例えば、ダブルスリットの実験で、電子一個をダブルスリットに入射すると、干渉縞が現れる。つまり、電子は両方のスリットを同時に通過しているはず。にも関わらず、スリットの部分で電子を測定すると必ずそのどちらかにしか電子が観測されない。実験の方法によって、電子の存在のしかたが異なっているように見える、そんなバカな・・どう解釈するべきか・・ということですよね。
で、多世界解釈というのは、電子をスリットの部分で観測すると、あるスリットで電子を測定した自分と、もう一方のスリットで電子を測定した自分に分かれるため、上記のような結果になるという解釈ですよね。
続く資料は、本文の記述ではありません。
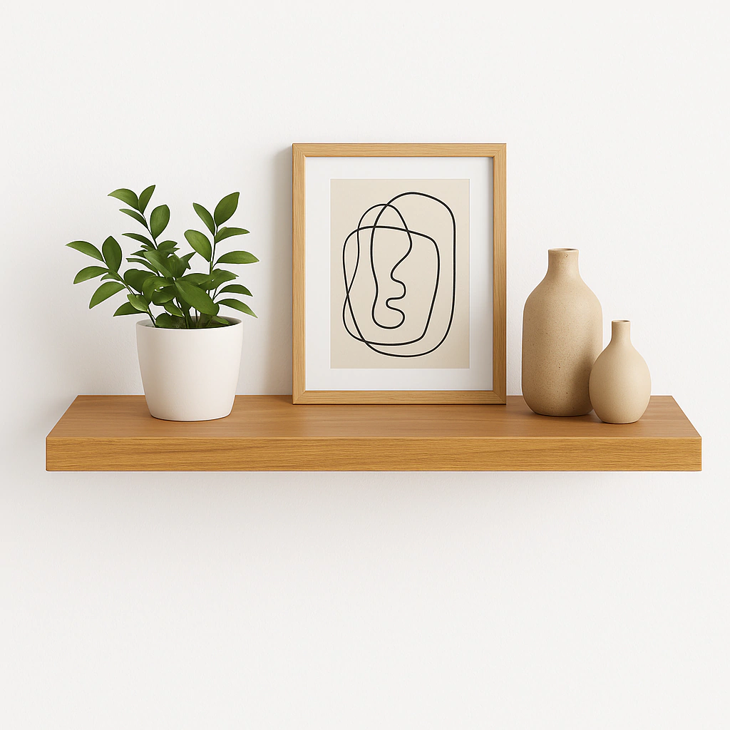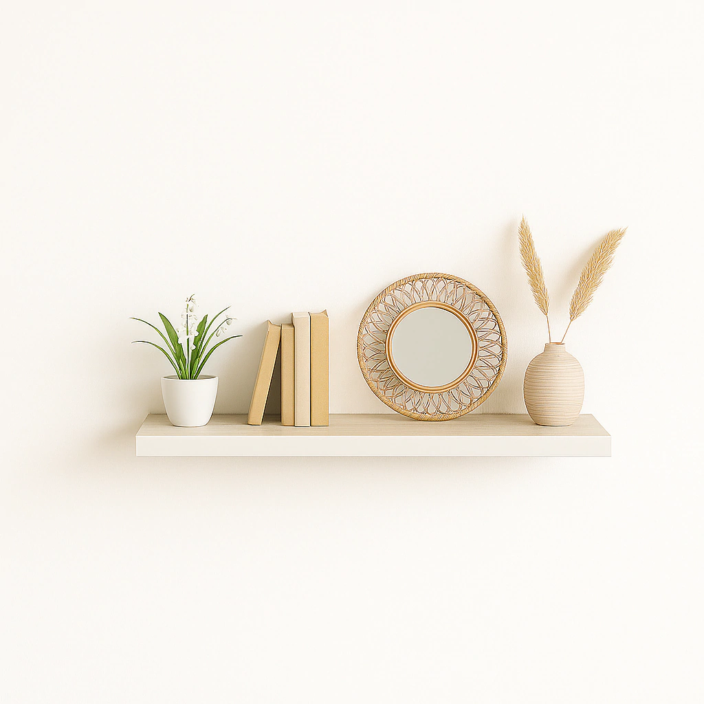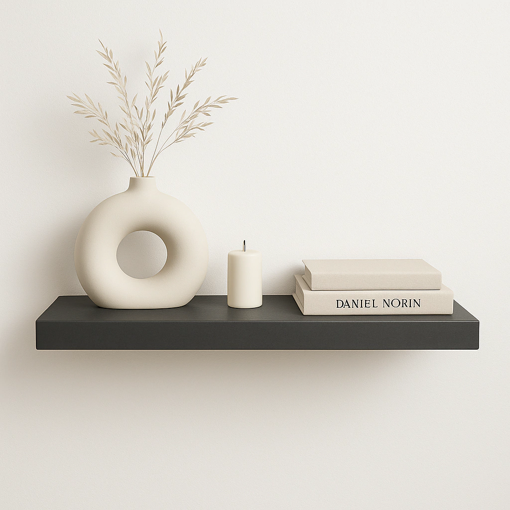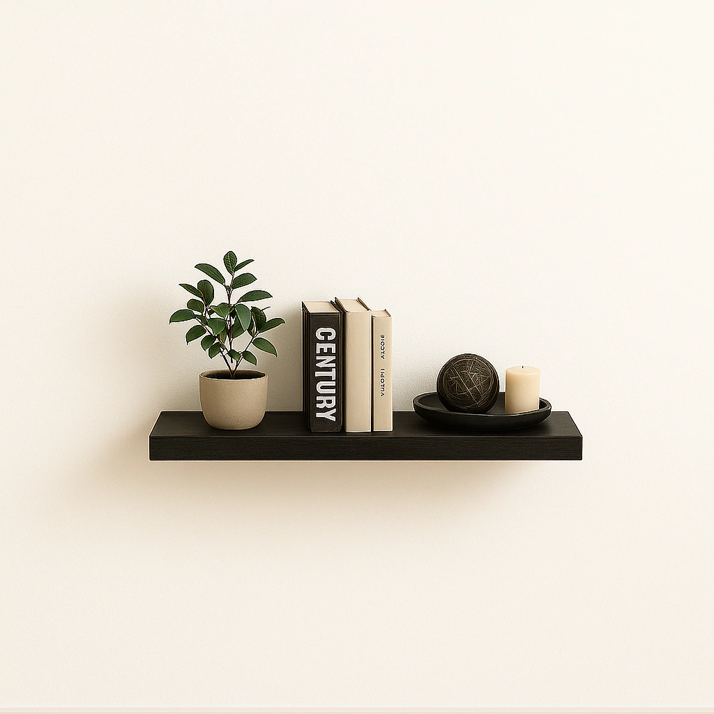 Fabricado con materiales resistentes, es ideal para libros, marcos, plantas pequeñas o artículos decorativos. Su diseño flotante permite una instalación limpia y sin soportes a la vista, optimizando el espacio con estilo.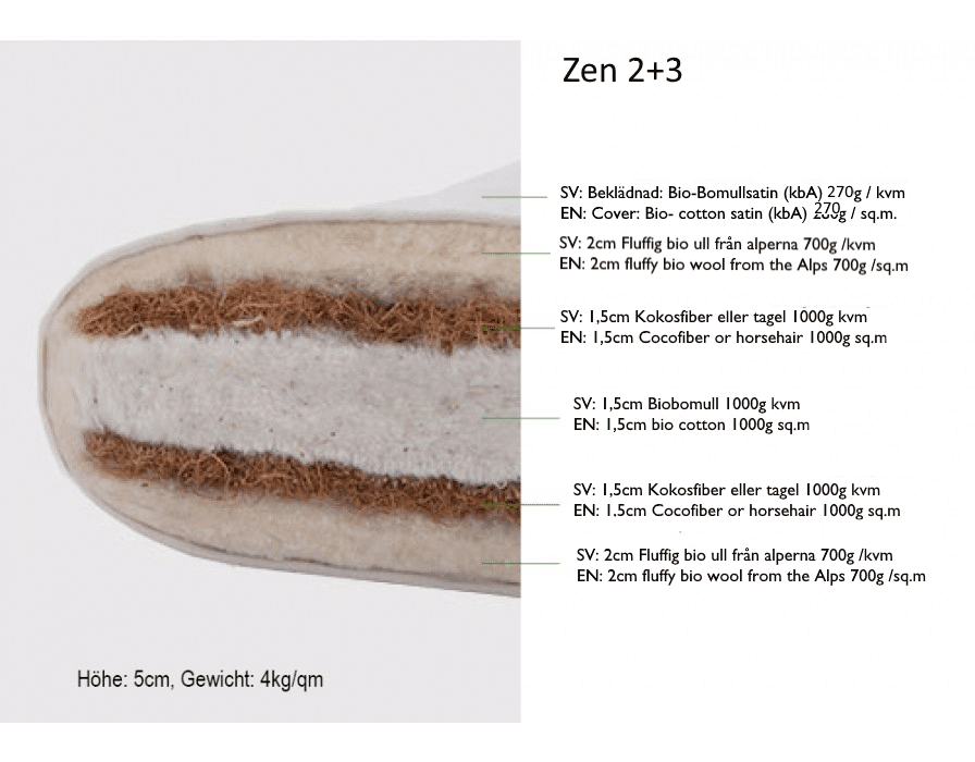 SV Zen R2+4 100 x200cm Outlet en tunn futonmadrass med flera lager bomull på varje sida av en kärna av tunn kokosfier.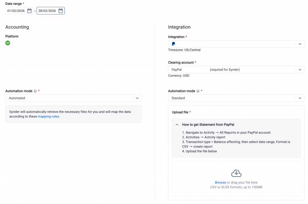 Automated — Synder downloads files from both the payment platform and your accounting software automatically. No file uploads needed.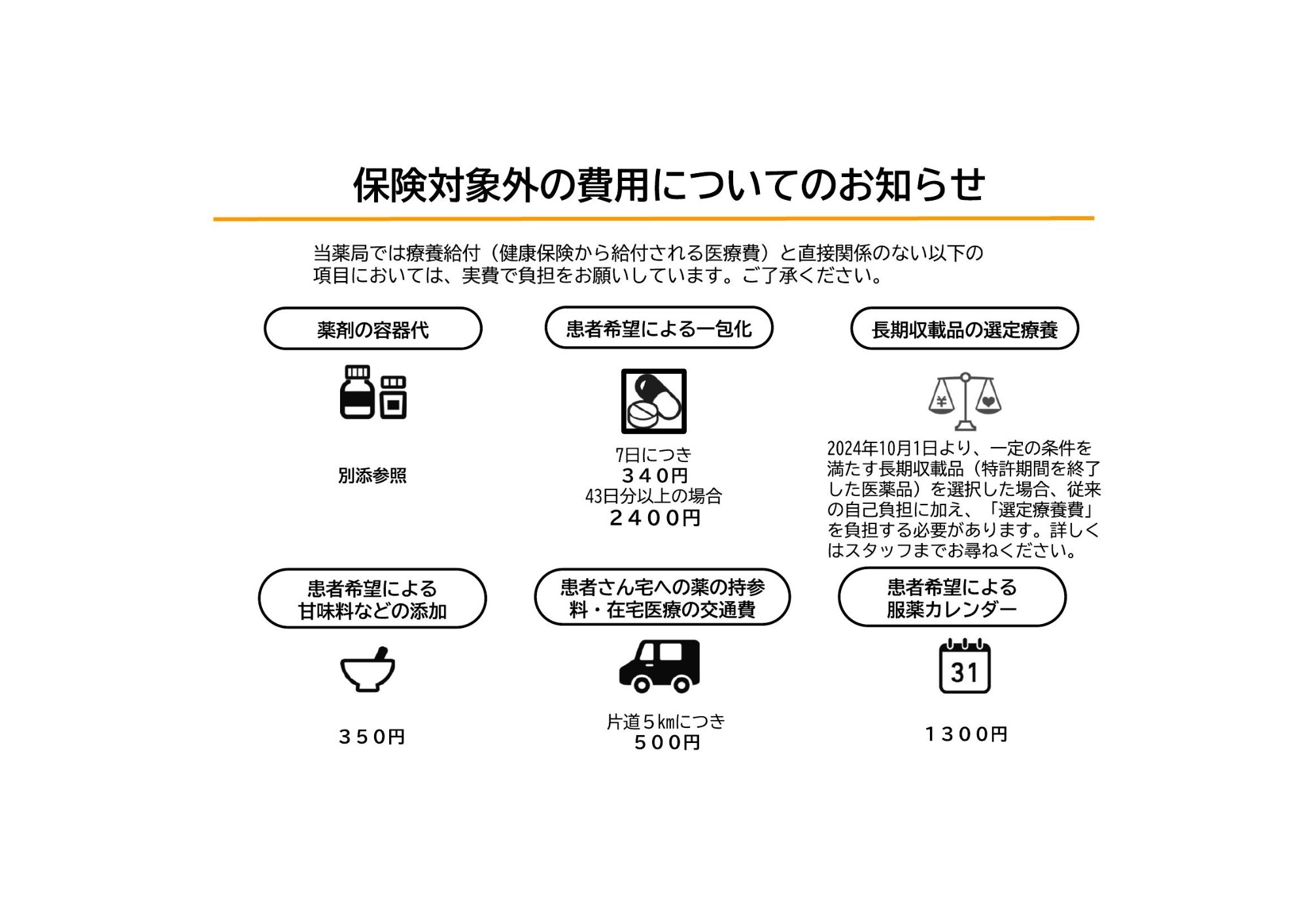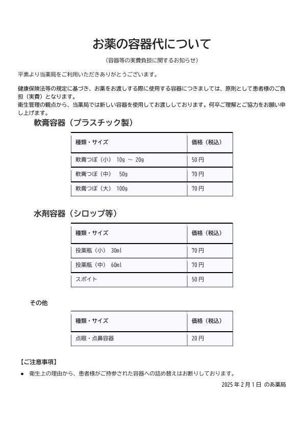 令和6年度診療報酬改定に伴い、投薬時に使用する薬剤容器代(投薬瓶・軟膏缶等)を実費徴収させていただきます。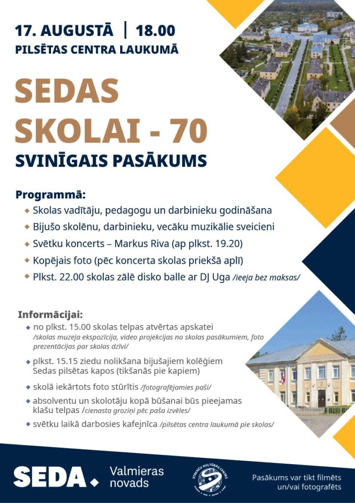 Kad norims moto troksnis, sāksies dienas centrālais notikums – Sedas skolas 70. jubilejas svinīgais pasākums – skolas vadītāju, pedagogu un darbinieku godināšana, bijušo skolēnu, darbinieku, vecāku muzikālie sveicieni. Ap plkst. 19.20 visus klātesošos ar svētku koncertu iepriecinās latviešu mūziķis Markus Riva. Pēc koncerta pie skolas visi aicināti uz kopīgu fotografēšanos, bet plkst.22.00 skolas zālē sāksies disko balle Dj UGA vadībā.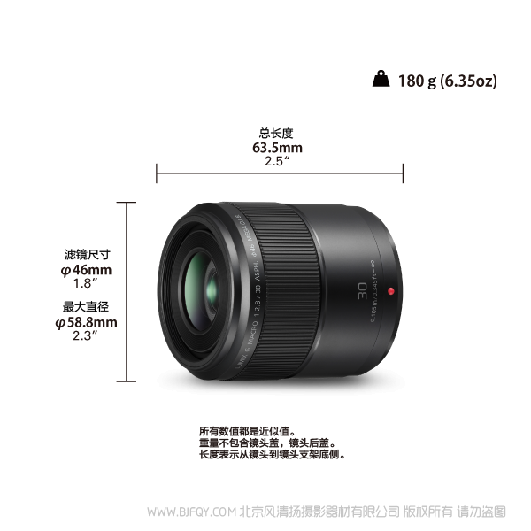 | 总长度 | 约 63.5 毫米/2.5 英寸(从镜头顶端到镜头支架的底端) | ||

つまり、「多世界解釈」から、マクロな重ね合わせ状態を除いてしまったら、それは一般に言う「多世界解釈」とは言えないと思うのですが、どうでしょうか?
「多世界」の「多」は、観測される対象ではなくて、観測する側の多数性のことということでしょうか。「マクロな系もまたミクロな系の集まりである以上、最終的にはマクロな系も重ね合わせ状態になってしまうはずです(つまり「猫の生死の重ね合わせ」)」という説明を読んで、私はてっきり、アセロラさんは、前者のことを念頭においているのかと思いました。
猫は、観測者であると同時に、私たちからすれば、観測される対象でもあるので、微妙ですが、認識能力のないマクロな対象に関しても、多世界でありうるのでしょうか。マクロな対象なら、どちらか一方のスリットしか通過できません。ミクロな観測対象だけでなく、マクロの観測対象までが多世界的でありうるかどうか、そこが問題です。
「多世界」の「多」は観測される対象、観測する側、どちらであるとも言えます。観測される対象を、観測者が観測した瞬間に、観測者は、観測される対象の世界に飲み込まれるのだと思います。つまり「多世界解釈」では、重ね合わせ状態と相互作用したすべてのものが、その世界に飲み込まれるものと考えます。
図で具体的に書くと下のようになります。縦の線は相互作用がないことを表します。
原子が崩壊 | | |
+ |猫(生)| 人(猫をまだ見ていない)|
原子が未崩壊 | | |
↓ガイガー計数管が原子を測定
原子が崩壊 猫(生)| |
+ | 人(猫をまだ見ていない)|
原子が未崩壊 猫(死)| |
↓人が猫を見る
原子が崩壊 猫(死) 人(死んだ猫を見た) |
+ |
原子が未崩壊 猫(生) 人(生きた猫を見た) |
このように、最初原子の重ね合わせ状態でしかなかったものが最終的には猫、さらに人をも含めた重ね合わせ状態にまで広がっています。
以前、言いましたように、「多世界解釈」は、量子力学が正しいとして、系に適応すると自然にでてくる解釈だと思います。もちろん、永井さんのおっしゃるように、マクロな重ね合わせ状態というものは存在しない可能性も否定できません(マクロに行く過程で重ね合わせ状態が壊れるといったことによって)。但し、そのような理論はまだ確立されていません。
後、「マクロな対象では、どちらか一方のスリットしか通過できない」と言うわけではありません。原理的には、その対象のド・ブロイ波長以下のスリットを作ることができれば、対象は両方のスリットを同時に通過し、干渉縞を作ります。ただし、実験的には、非常に難しいですが・・ダブルスリットの実験を、できるだけ大きな対象で行おうとする実験は盛んに行われていて、最近最も大きいものでは、フラーレンでの実験がなされています。次は、ウィルスで行おうと頑張っている研究室もあります。